Poor prognosis of KRAS or BRAF mutant colorectal liver metastasis without microsatellite instability

Background The discovery of practical biomarkers is important to realize personalized medicine for patients with malignant neoplasias, including colorectal cancer (CRC). Purpose The aim of this study was to determine reliable prognostic biomarkers by the analysis of patients with resectable colorectal liver metastases (CRLM). Methods Genomic DNA was obtained from the CRLM tissues of a cohort of 126 patients with CRLM with curative hepatic resection. The KRAS / BRAF mutation spectrum and microsatellite instability (MSI) status were successfully analyzed in 100 of the 126 CRLM tissues and these findings were examined in relation to the patients' clinical outcomes. Results The cohort of 100 CRLM patients consisted of 46 with synchronous and 54 with metachronous liver metastasis. Overall survival and disease‐free survival at 5 years were 57.4 and 24.9 %, respectively. MSI analysis revealed that none of the 100 CRLM specimens showed any evidence of MSI. By KRAS/BRAF mutation analysis, the analyzed CRLM patients were divided into 3 groups; KRAS ‐mutant ( KRAS ‐Mt; n = 27), BRAF ‐mutant ( BRAF ‐Mt; n = 3), and wild‐types of both genes (Wild‐type; n = 70).

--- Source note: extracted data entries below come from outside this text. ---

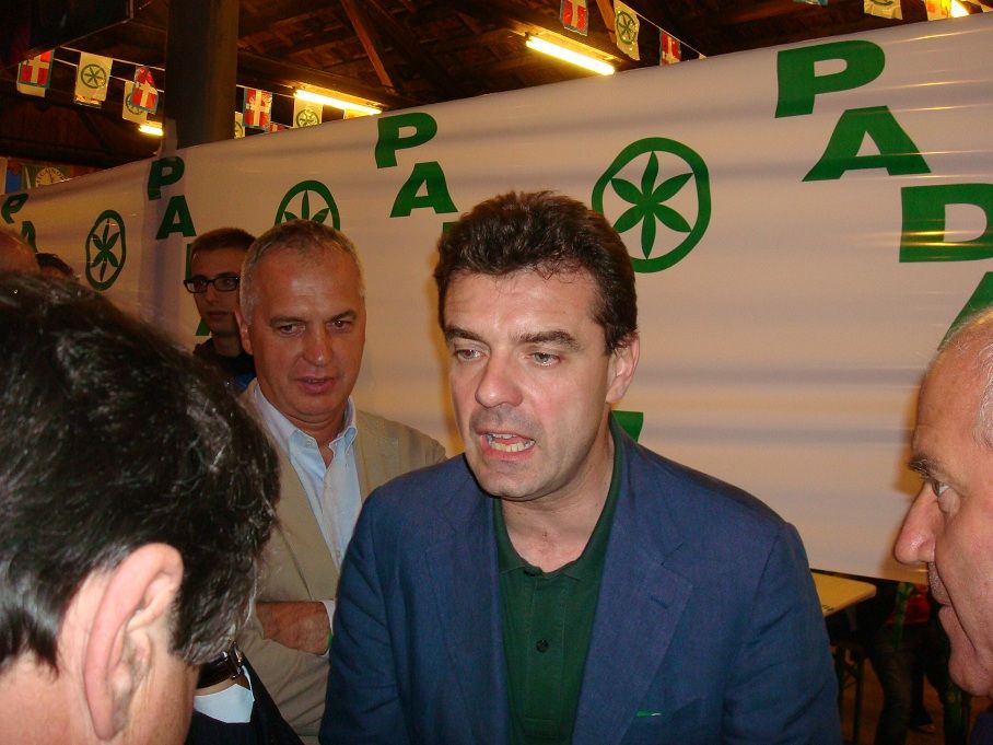 E' il momento di Calderoli. Il ministro sale sul palco in braghette e deve subito lottare con un microfono che fa le bizze: "L'unico microfono comunista lo hanno dato a me", ironizza. La folla, tra un boccone di polenta ed un sorso di vino, si scalda. E allora Calderoli attacca: "Stare al governo è difficile, stare quando c'è Berlusconi due volte di più". Aria di rottura? Macché: "Il cavaliere è sfigato. La prima volta che sta al governo vanno giù le Torri Gemelle, stavolta scoppia una crisi internazionale da paura...". E che cavoli, sfortunato davvero. Ma non di solo sfiga si tratta: il ministro delle Riforme punta il dito sul "traditore". Chi? Fini, naturalmente, "che è lì, presidente della Camera con i voti degli elettori ai quali ha voltato la faccia: ma secondo voi è uno di destra chi vuol dare il voto agli immigrati e concedere il matrimonio ai gay?". Parte l'applausone, una signora ha già le mani rosse a furia di batterle.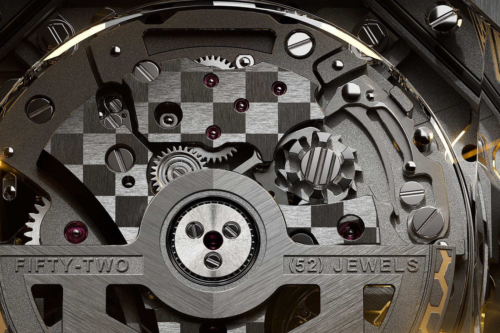 Functionally, the movement is unique, with a grande sonnerie-style winding click, which is unheard of in an automatic movement. The movement also offers a zero reset functionality, which means the seconds hand snaps back to zero when the crown is pulled, making it easy to synchronise the watch to a reference clock.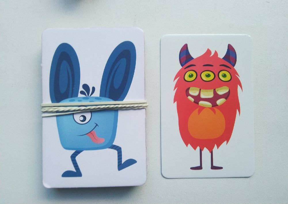 Монстриков мы купили уже давно, полюбовались, но не играли. А тут ребенок её нашел и решил поиграть. И оказалось, что в игре помимо плохой вырубки отсутствует одна карта.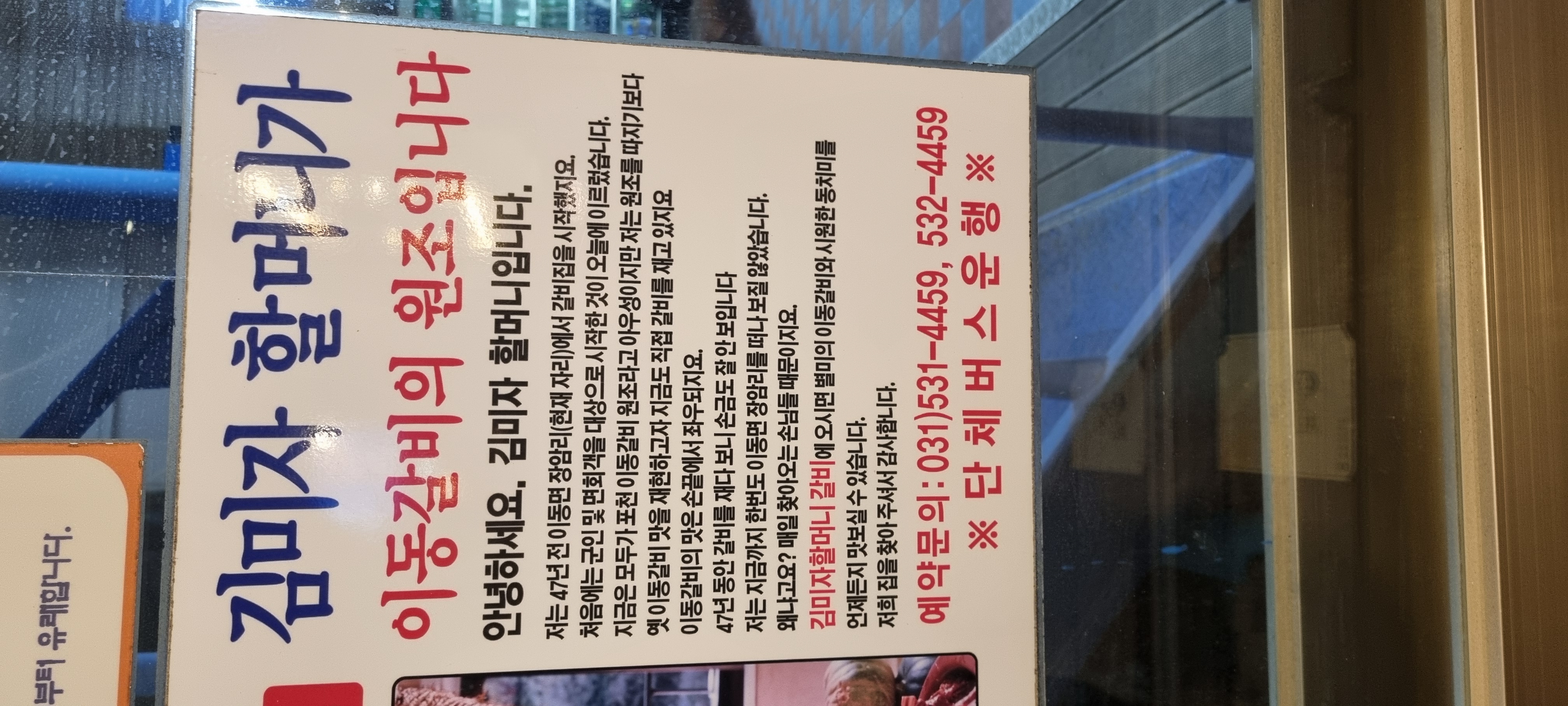 다 먹고 밖에 나오니 김미자이동갈비의 역사가 적혀있네요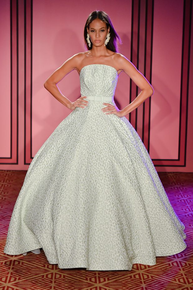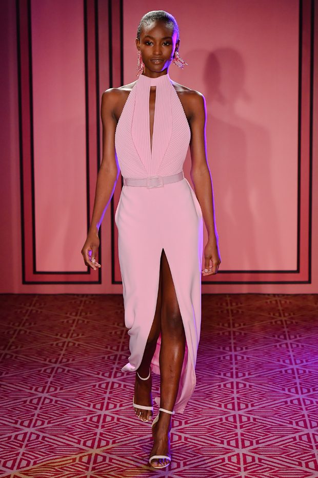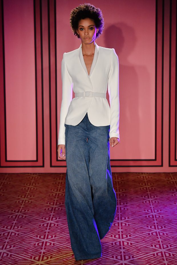 With a shift to daywear, Maxwell turns to stretch and double faced crepe, chiffon, leopard jacquard, cotton twill shirting, silk satin and silk knit, acid wash alligator skin as well as mohair and gazaar. Maxwell introduces his interpretation of upscale denim as well as jersey. Maxwell utilizes techniques, such as pin-tucking conveying a delicate and feminine tone. The collection tells a story from a southern perspective – custom leopard lace is covered in hand sewn pearls, grosgrain ribbon as well as monogramming and embroidery with artwork from Texan artist Jules Buck Jones, all hail symbols of classic Americana. A first, Maxwell introduces new product categories with a selection of accessories this season. Earrings by Lunch at the Ritz by Zander Elliott, belts, and a specially designed handbag – worn by six of his muses as they strut down the runway. More than ever, the Brandon Maxwell woman is determined, confident, free, and unconventional. Above all, she is happy and free. – from Brandon Maxwell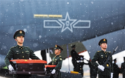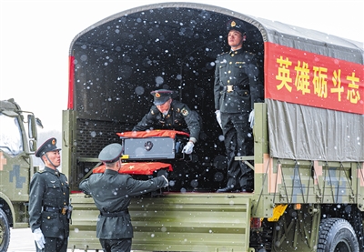 11月23日,沈阳,礼兵手捧烈士棺椁登上卡车。

In the survival analysis, both KRAS ‐Mt and BRAF ‐Mt patients showed significantly poorer prognoses compared with Wild‐type patients. Furthermore, although the population with the BRAF mutation was small, this mutation had a significant negative impact on disease‐free survival. Conclusions In this study, all tumors in the cohort of CRLM patients were non‐MSI tumors, suggesting MSI cancer in primary CRC would rarely reveal metastatic potential. KRAS and BRAF mutations are suggested to be poor prognostic factors in CRLM. Genetic information has an essential role as a prognostic marker and could contribute to the decisions on treatment strategy for CRLM.